Records supplied ▸
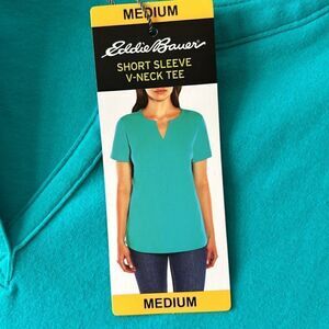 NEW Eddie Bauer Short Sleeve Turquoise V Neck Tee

...

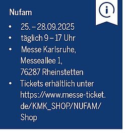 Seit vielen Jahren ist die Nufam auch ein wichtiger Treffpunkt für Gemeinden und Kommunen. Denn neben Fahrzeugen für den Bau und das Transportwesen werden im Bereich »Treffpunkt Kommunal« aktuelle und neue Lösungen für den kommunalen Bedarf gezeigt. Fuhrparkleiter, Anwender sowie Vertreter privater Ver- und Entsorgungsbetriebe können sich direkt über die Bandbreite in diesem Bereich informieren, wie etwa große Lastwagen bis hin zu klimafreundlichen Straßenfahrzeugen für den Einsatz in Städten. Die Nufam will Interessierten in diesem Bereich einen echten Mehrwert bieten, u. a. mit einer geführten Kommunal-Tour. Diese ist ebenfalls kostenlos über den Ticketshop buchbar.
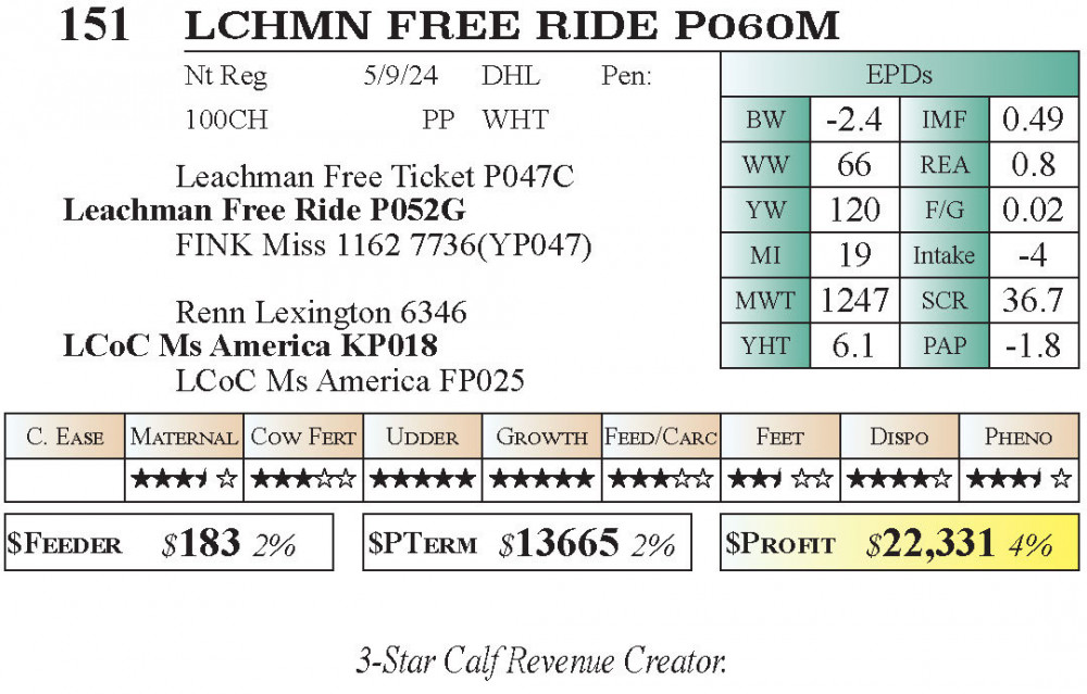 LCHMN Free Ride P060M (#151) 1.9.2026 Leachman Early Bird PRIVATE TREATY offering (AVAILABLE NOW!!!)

* * *

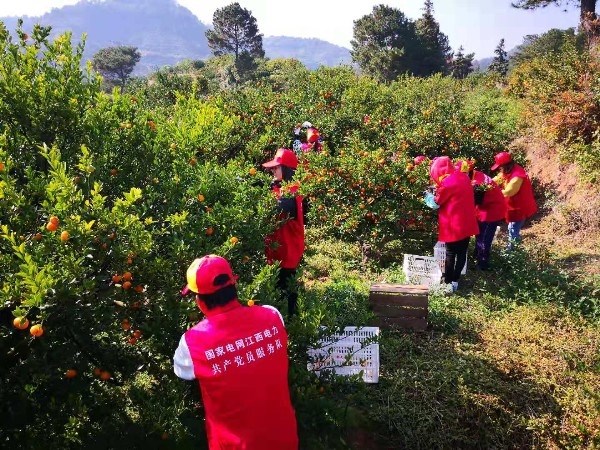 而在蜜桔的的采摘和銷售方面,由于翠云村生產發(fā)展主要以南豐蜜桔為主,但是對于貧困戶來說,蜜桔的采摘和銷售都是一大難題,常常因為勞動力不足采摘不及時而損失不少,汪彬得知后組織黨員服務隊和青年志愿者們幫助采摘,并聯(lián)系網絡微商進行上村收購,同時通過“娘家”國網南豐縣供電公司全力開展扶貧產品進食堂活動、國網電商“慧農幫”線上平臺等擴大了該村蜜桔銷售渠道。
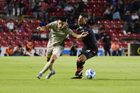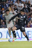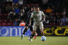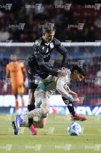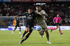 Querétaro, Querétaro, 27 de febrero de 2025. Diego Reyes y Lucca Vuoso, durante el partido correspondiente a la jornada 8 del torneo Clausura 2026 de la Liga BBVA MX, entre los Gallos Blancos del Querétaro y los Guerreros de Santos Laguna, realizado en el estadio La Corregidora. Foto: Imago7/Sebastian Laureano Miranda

Activity ▸
In the listing above, find the line containing "而在蜜桔的的采摘和銷售方面,由于翠云村生" and the line containing "Querétaro, Querétaro, 27". Print those two lines and every line between them exactly, with no pictures.

Response area ▸
 而在蜜桔的的采摘和銷售方面,由于翠云村生產發(fā)展主要以南豐蜜桔為主,但是對于貧困戶來說,蜜桔的采摘和銷售都是一大難題,常常因為勞動力不足采摘不及時而損失不少,汪彬得知后組織黨員服務隊和青年志愿者們幫助采摘,并聯(lián)系網絡微商進行上村收購,同時通過“娘家”國網南豐縣供電公司全力開展扶貧產品進食堂活動、國網電商“慧農幫”線上平臺等擴大了該村蜜桔銷售渠道。
 Querétaro, Querétaro, 27 de febrero de 2025. Diego Reyes y Lucca Vuoso, durante el partido correspondiente a la jornada 8 del torneo Clausura 2026 de la Liga BBVA MX, entre los Gallos Blancos del Querétaro y los Guerreros de Santos Laguna, realizado en el estadio La Corregidora. Foto: Imago7/Sebastian Laureano Miranda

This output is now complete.